Я написала на афише крупными буквами:
«ВНИМАНИЕ! ХОЛОСТЯЦКАЯ ВЕЧЕРИНКА! ПАРЕНЬ, КОТОРЫЙ ЗДЕСЬ ЖИВЕТ, СКОРО ЖЕНИТСЯ! НИ В КОЕМ СЛУЧАЕ НЕ ВЫПУСКАЙТЕ ЕГО ИЗ КВАРТИРЫ, ЧТОБЫ НЕ ИСПОРТИТЬ СЮРПРИЗ. ЧТО БЫ ОН НИ ГОВОРИЛ, НЕ ПОМОГАЙТЕ ЕМУ ВЫБРАТЬСЯ. НИЧЕГО НЕ ГОВОРИТЕ ПРО ЭТУ НАДПИСЬ. БОЛЬШОЕ СПАСИБО! ДРУЗЬЯ ЖЕНИХА».
Приняв ванну, я натягиваю старые джинсы и красный свитер. Настроение у меня на редкость хорошее. Водружаю матрас обратно на кровать, стелю чистые простыни. Устраиваюсь поудобнее и открываю книгу Нессера.
После того как пятеро изъявивших желание ему помочь со смехом удалятся, радостно помахав рукой с улицы, он попытается вскрыть почтовый ящик. Заклеила я его на совесть. Сначала он попробует разрезать скотч ножом, но, когда ему это не удастся, возьмет швабру, используя длинную ручку как рычаг. Он уже не церемонится. Через полчаса начинается спектакль. Он пытается открутить дверные петли изнутри. Бесполезно. Он идет на кухню. Ему нужно поесть. Перед глазами все плывет, еще немного, и он упадет в обморок. Он ничего не ел со вчерашнего дня. Он пьет теплое молоко прямо из пакета и открывает морозилку. Там все потекло. Он со всей силы ударяет кулаком по холодильнику. ЧЕ-Е-ЕРТ!
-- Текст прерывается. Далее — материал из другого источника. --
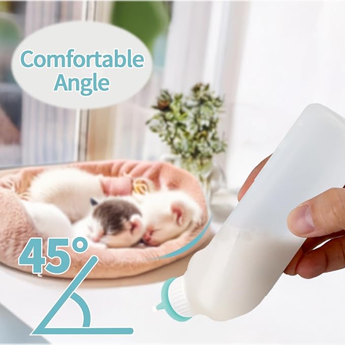 - 【Anti-Choking Design】:The curved neck of kitten bottle make easy to feeding puppy,kittens, and the style could facilitates a constant flow of milk into the teat, effectively reducing abdominal bloating from swallowing air while feeding.

Дочитав «Тени и дождь» до последней страницы, я звоню в билетную кассу Драматического театра. Автоответчик сообщает мне, что сегодняшняя премьера «Трехгрошовой оперы» отменена. В связи с внезапной болезнью одного из актеров. Вместо этого вниманию зрителей предлагается спектакль «Смерть коммивояжера».
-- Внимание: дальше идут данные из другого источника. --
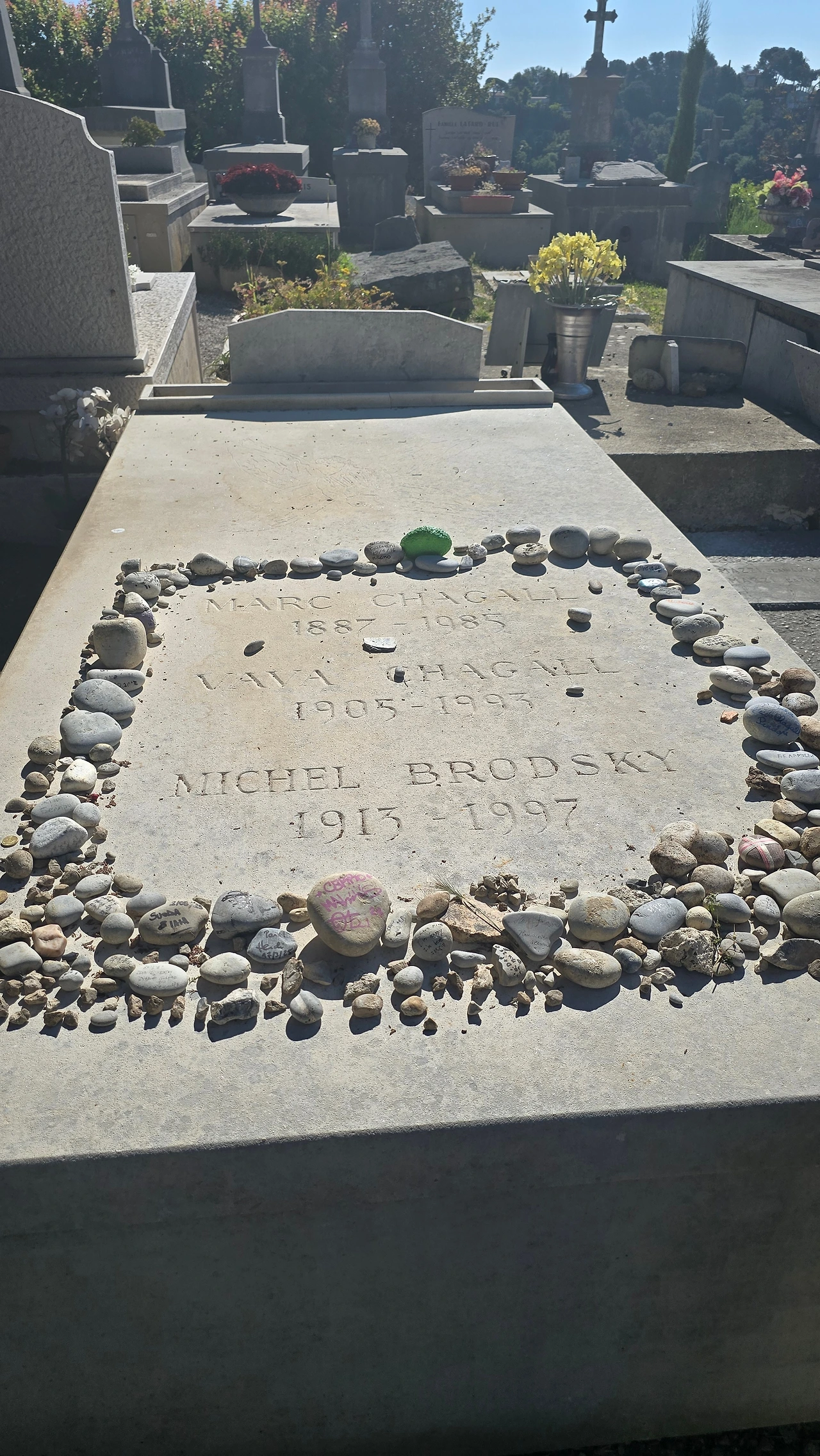 다음 날인 5월 11일엔 이틀 연박한 호텔을 떠나 중세 요새 도시인 생폴드방스로 향하였다. 이곳도 이미 어제 홀로 다녀갔던 곳이지만 예쁜 지역이니 또 들르는 것도 좋았고, 가이드의 설명으로 몰랐던 내용도 알게 되어 좋았다. 어제는 들르지 않았던 샤갈의 묘지를 방문하였다. 샤갈이 이곳에서 두 번째 부인과 노년을 보내다 98세인 1985년에 생을 마감하였는데, 당시로선 장수한 삶이라고 볼 수 있다.

Значит, он все еще сидит взаперти. Вот и хорошо.
— Белла, странное дело. Нигде не могу найти украшения Ирмы. Хотя чего от нее ждать, вполне могла подложить их кому-нибудь в почтовый ящик. Она ведь и до «Гулльвивана» была чуток не в себе. Да, так странно перебирать все ее вещи. Мебель, одежду, всякую мелочевку. Целая жизнь, которая теперь отправится на помойку. Фотографии людей, которых я не знаю. Письма, которые, наверное, были ей дороги, старые билеты в кино, засушенный цветок. Разве можно такое выбрасывать? Нельзя забывать, что жизнь — это не генеральная репетиция, жизнь — это сам спектакль, как любит говаривать Свен-Бертиль Тоб[47]
.— Что? Свен-Бертиль Тоб? Это он сказал?